◆ **DATASET EXCERPT**:
= = =
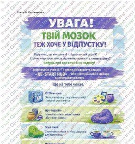 - І варіант – текст А “Ти не робот, і це нормально” (про якісний відпочинок та перезавантаження); текст Б – оголошення “Твій мозок теж хоче у відпусту”;
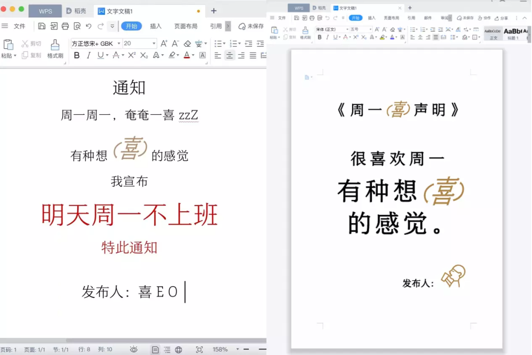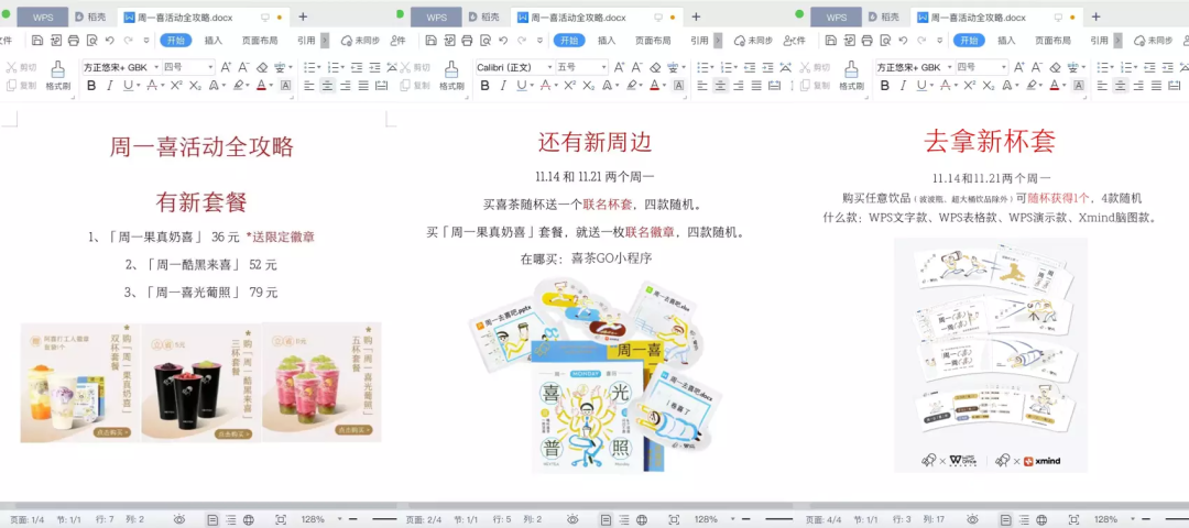 喜茶把打工人们内心汹涌的吐槽和“喜”字的发音相结合,化成一句“很喜欢周一,有种想(喜)的感觉”,包含果茶和奶茶的双杯联名套餐也被命名为“周一果真奶喜”。同时用谐音吐槽配合极致简洁的WPS直出画风生成联名活动海报,看似精神稳定地发到了喜茶的各个官方账号上。
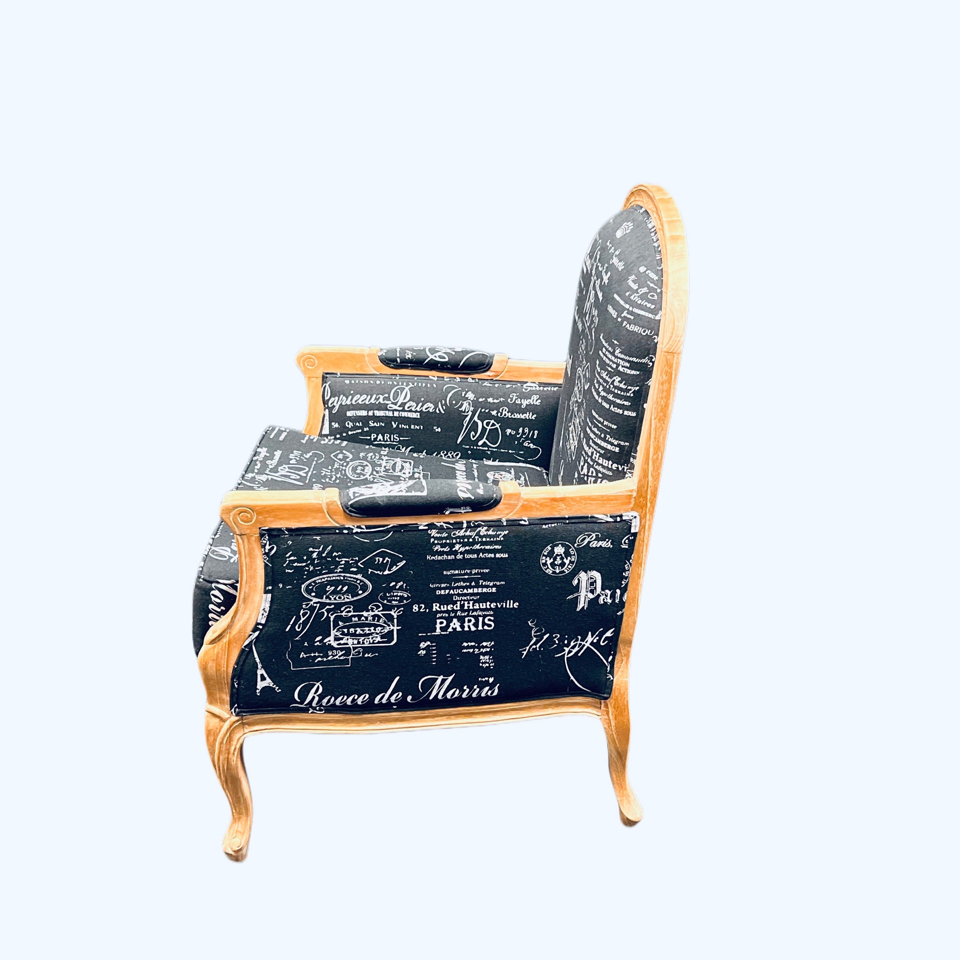 Trendy, chic French-design arm chairs. Pictures cannot do justice to the absolute beauty, charm and craftsmanship of these immaculate chairs; these have to be seen in person. Made with solid Mahogany wood. Hand-upholstered.
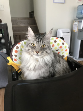 グレーと黒のトラ柄で鼻周りが少し茶色い長毛種です。
= = =
Starting with the line that holds "Trendy, chic French-design", transcribe exactly each line through the last one of the material above, and nothing else. Do not include pictures.

 Trendy, chic French-design arm chairs. Pictures cannot do justice to the absolute beauty, charm and craftsmanship of these immaculate chairs; these have to be seen in person. Made with solid Mahogany wood. Hand-upholstered.
 グレーと黒のトラ柄で鼻周りが少し茶色い長毛種です。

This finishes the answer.